Activity:
Look at the data below and print exactly the lines from its first line through the line with "预览文件时,不需要的视频文件,可通过遥控器一键删除,省去了通过电脑删除的麻烦。"; the pictures stay out of the copy.

Extracted entries:

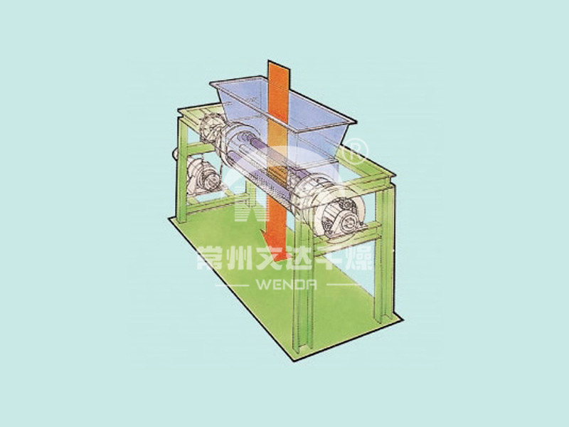 ◎槽形成型机: 由加料斗和刻有槽的二根辊子构成。以增大物料表面积的造粒为目的。物料被内侧运转的辊子吸入,被反转的外侧刮刀切成粒状。
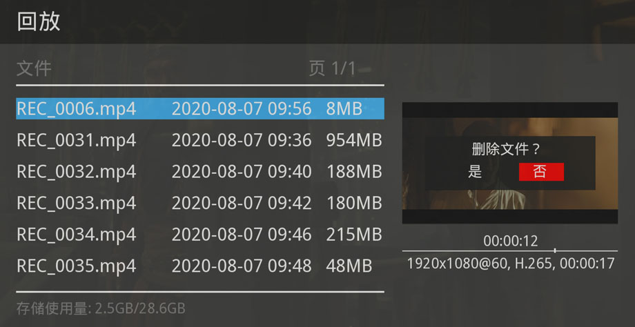 预览文件时,不需要的视频文件,可通过遥控器一键删除,省去了通过电脑删除的麻烦。
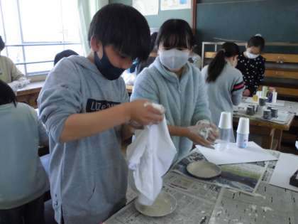 「トロトロ・カチコチワールド」の学習で液体粘土を使いました。「こんな感じなんや。」「おもしろい。」と液体粘土の感触を楽しみながら制作しました。液体粘土を含んだ布をどのように置くのか考えて配置し,乾かしています。今後は,液体粘土の特性を楽しみながら自分の発想を付け足して,どんどん飾っていきます。どんな作品になるのか楽しみです!材料のご協力ありがとうございます。
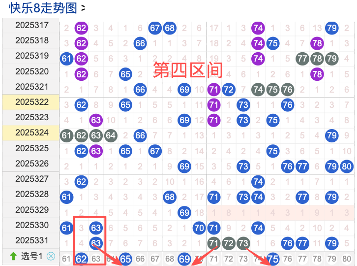 上期四区间开出了7奖号(63.71.72.73.76.77.79)上期的四区开7个奖号呈现了一个递的趋势,开出的奖号7头回补66头开也是回补了1个,先来看号码65在近 30 期内属于还是很稳定的号码,近期出现频率相对还是比较稳定的,偶尔会间隔多期后出现一次,这个号码要注意防守,号码69具有一定的间歇性活跃度较比如有时会间隔 3到4期就再次出现,也有时会间隔多期,近期整体出现频率比较,近期还是要关注的.号码75活跃度近期比较,有一定的间歇性。活跃度近期不算稳定,整体走势有一定的波动性.
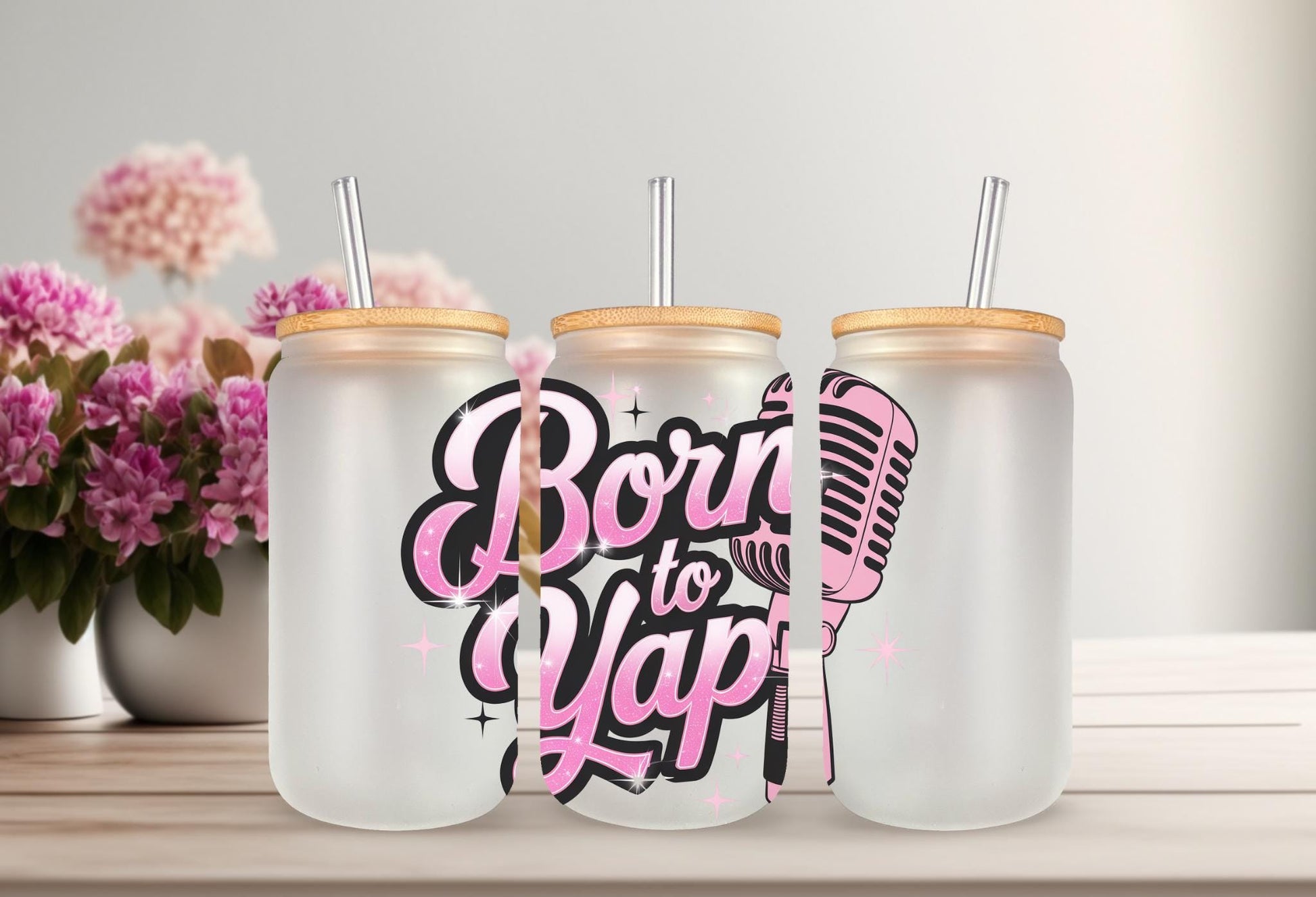 UVDTF Decal Vintage Born To Yap 16oz Can Glass Mug Tumbler, Sarcastic Funny Decal, Ready to Apply, Permanent Waterproof Adhesive
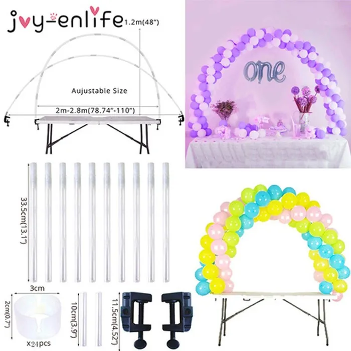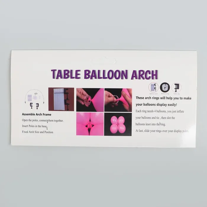 Стойка устанавливается полукругом. Высоту вы определяете самостоятельно. Длина трубочек, соединённых вместе, составляет 3 метра. На стойке можно разместить до 90 шаров диаметром 9‒10 дюймов.

Solution:
 ◎槽形成型机: 由加料斗和刻有槽的二根辊子构成。以增大物料表面积的造粒为目的。物料被内侧运转的辊子吸入,被反转的外侧刮刀切成粒状。
 预览文件时,不需要的视频文件,可通过遥控器一键删除,省去了通过电脑删除的麻烦。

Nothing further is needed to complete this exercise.